Подошёл к «зайцу» вплотную и посветил в лицо фонарём — да, та самая, опухшая мятая рожа.
Чин чинарём представился:
— Майор Африка, спецназ Совета Командоров. С кем честь имею?
— Господи, где это я? — не обращая никакого внимания на слова Виктора, пытался что-то безрезультатно понять этот — среднего роста, неприметной внешности, лысоватый, да ещё, к тому же, и в сером мешковатом костюме человечек. — Где я? А? Кто вы?
— Майор Африка, командир сводного отряда Воинов Света, — ещё раз терпеливо представился Виктор. — А вот вы кто?
— Я? Я этот… — человечек напрягся, надолго задумался и, наконец, разродился: — Я Петюня. Пёртр… В смысле, — Пёрт.
— В смысле Пётр? — помог ему Виктор.
— Да, Пётр, — согласился незнакомец смущённо, видимо сам удивляясь тому обстоятельству, что вот, оказывается, как его немудрёно и незамысловато зовут.

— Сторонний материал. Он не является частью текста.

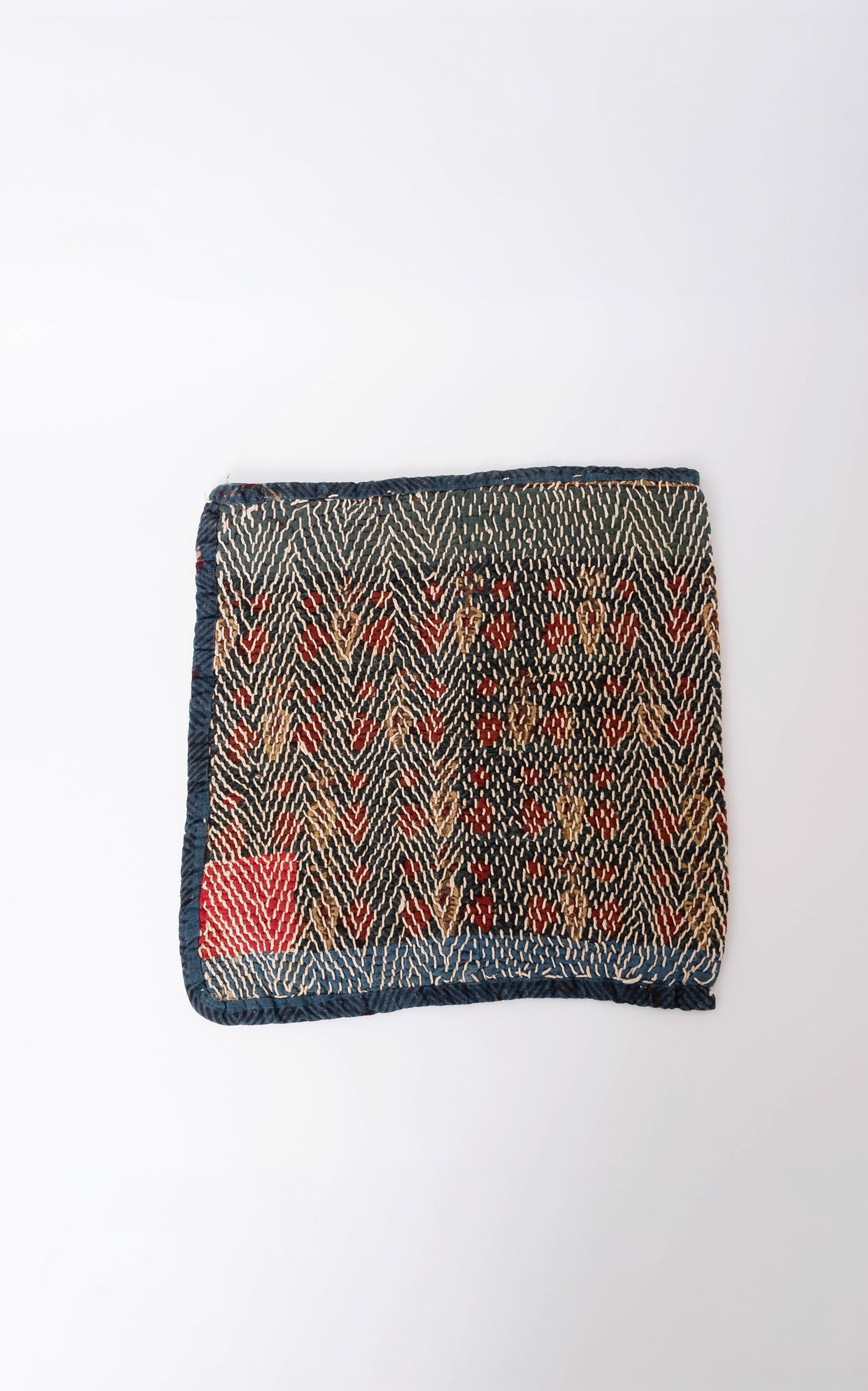 バングラディッシュのバンジャラ族の布袋をクッションカバーに仕立てました。カンタのような素朴な刺し子刺繍が施されています。

Но потом он вдруг, этот Мистер Сама Невзрачность, встрепенулся петушком, и поправился с неуместной гордостью, разя перегаром: — Косулин-Голенищев! Пётр Евграфович Косулин-Голенищев, с вашего позволения. Актёр этого… Ну… А! — театра. Этого… Либерально-Императорского… Служу, так сказать… Да… А где, кстати, Валентина?

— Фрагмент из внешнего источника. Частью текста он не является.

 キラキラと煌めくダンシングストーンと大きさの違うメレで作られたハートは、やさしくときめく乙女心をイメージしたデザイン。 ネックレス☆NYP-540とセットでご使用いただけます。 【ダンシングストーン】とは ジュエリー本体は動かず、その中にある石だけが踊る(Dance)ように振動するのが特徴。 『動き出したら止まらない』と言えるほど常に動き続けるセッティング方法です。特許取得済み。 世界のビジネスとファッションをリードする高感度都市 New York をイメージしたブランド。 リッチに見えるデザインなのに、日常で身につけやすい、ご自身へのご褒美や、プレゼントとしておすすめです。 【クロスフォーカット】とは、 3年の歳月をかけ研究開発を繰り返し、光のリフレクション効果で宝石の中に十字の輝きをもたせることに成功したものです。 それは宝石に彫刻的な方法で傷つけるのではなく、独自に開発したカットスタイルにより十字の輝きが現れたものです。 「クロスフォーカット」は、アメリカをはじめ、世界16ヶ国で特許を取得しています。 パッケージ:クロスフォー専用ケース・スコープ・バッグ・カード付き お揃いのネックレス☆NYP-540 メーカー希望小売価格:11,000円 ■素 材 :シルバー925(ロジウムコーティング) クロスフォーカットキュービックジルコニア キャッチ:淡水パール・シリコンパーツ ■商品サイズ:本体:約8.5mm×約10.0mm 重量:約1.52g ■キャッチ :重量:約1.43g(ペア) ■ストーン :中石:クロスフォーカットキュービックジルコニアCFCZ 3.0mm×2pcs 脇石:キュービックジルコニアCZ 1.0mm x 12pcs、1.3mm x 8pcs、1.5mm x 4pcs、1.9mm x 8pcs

— Здесь, к счастью, никакой Валентины нет, — нашёл нужным официально заявить Виктор и, поправив лямку автомата, ещё раз сам безжалостно напряг незадачливого Петра Евграфовича вопросом: — А что это вы, Пётр Евграфович, любезный, скажите, позабыли нынче-то ночью — именно вот сегодня — в гримёрной? А?
— В гримёрной? Я? А. Ну это… Реперити… Ритипити… Проходили с Валюшей одну трудную сцену, — припомнил горемыка, скосившись на автомат.
Похоже, что на холодном ветру, он начал с заметной скоростью трезветь. Эка-то задрожал-затрясся, бедняга! Виктор, будучи по сезону прикинутым в ловкий балтийский бушлат, даже сам поёжился, испытав этот чужой холод.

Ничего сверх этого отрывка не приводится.